Даниил Галицкий и не рассчитывал получить от полоненного волковыйского князя какие-то полезные сведения. Он приказал везти Далибора в Холм, а из Холма в Византию - там, в монастырских кельях, искони влачили дни заточения русские князья, от которых отвернулась удача.
Далибор был как во сне. Везли его на обычной тряской арбе, на каких смерды возят снопы и дрова. Лил ли дождь, горели звезды или светило солнце, а лошади все трусили да трусили, взмахивая длинными гривами. "Бог, наверное, для того насылает на людей несчастье за несчастьем, чтоб они не грустили, не печалились по безвозвратно уплывающему времени, - думал князь. - Кому охота оплакивать то, что безжалостно терзало душу? Только вперед должен смотреть человек, только в завтрашний день, ибо этот день еще не наступил и может оказаться добрым. Только, разумеется, не для меня. Мне Даниил не простит многолетней дружбы с Литвой. Уснуть бы, забыть обо всем, да сознание мое сродни ночному ворону, которому не спится под свист ветра в руинах".
Приехали в Холм. Построил его Даниил Галицкий на красивом лесистом возвышении посреди ровного поля. Сюда сбежались, спасаясь от татар, седельники, лучники, колчанщики, кузнецы по железу, меди и серебру, расселились вокруг крепостной стены, наполнили новый город людскими голосами и трудовым гулом.

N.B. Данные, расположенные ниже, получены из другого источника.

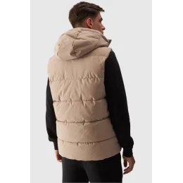 Bezrękawnik Puchowy Męski Z Kapturem 4FWAW24TVJAM144-83S Beżowy
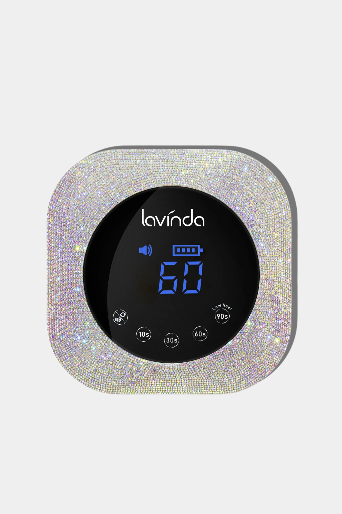 The Bling Icons. Level up your nail game with Lavinda’s Bling Lamp and Drill Bundle—built to dazzle and deliver. The Lavinda Wand Nail Drill packs a quiet 35,000 RPM motor and 10-hour cordless power, while the Lavinda Crown Nail Lamp offers even 54W curing with 30 LED/UV beads and a low-heat mode. Both feature crystal finishes, smart features, and cordless freedom. Performance and sparkle, all in one set.

Одним из чудес Холма была церковь святого Иоанна. Пол ее, отлитый из меди и чистого олова, сиял, как венецианское зеркало. Четыре арки по углам стояли каждая на четырех каменных головах, высеченных из белого галицкого и зеленого холмского гранита. Образа и колокола князь Даниил доставил из Киева, а иконы Спаса и Пресвятой Богородицы подарила ему сестра Феодора из Феодоринского монастыря.
Посреди города соорудили высокую башню из тесаного белого дерева и вырыли у ее подножья колодец-студню глубиною в тридцать пять сажен, где в самую жару была холодная, как лед, вода. Вокруг башни успел вырасти красивый тенистый сад.
Еще одной достопримечательностью был каменный столп, стоявший в поприще от Холма. На его вершине гордо распростер крылья большой каменный орел. Плененного волковыйского князя подвезли к орлу, парившему над землей на высоте двенадцати локтей, заставили слезть с арбы и постоять у подножья монумента. Очевидно, хотели, чтобы Далибор почувствовал свою малость и одновременно был поражен величием и мощью фигуры, олицетворяющей Галицко-Волынскую Русь.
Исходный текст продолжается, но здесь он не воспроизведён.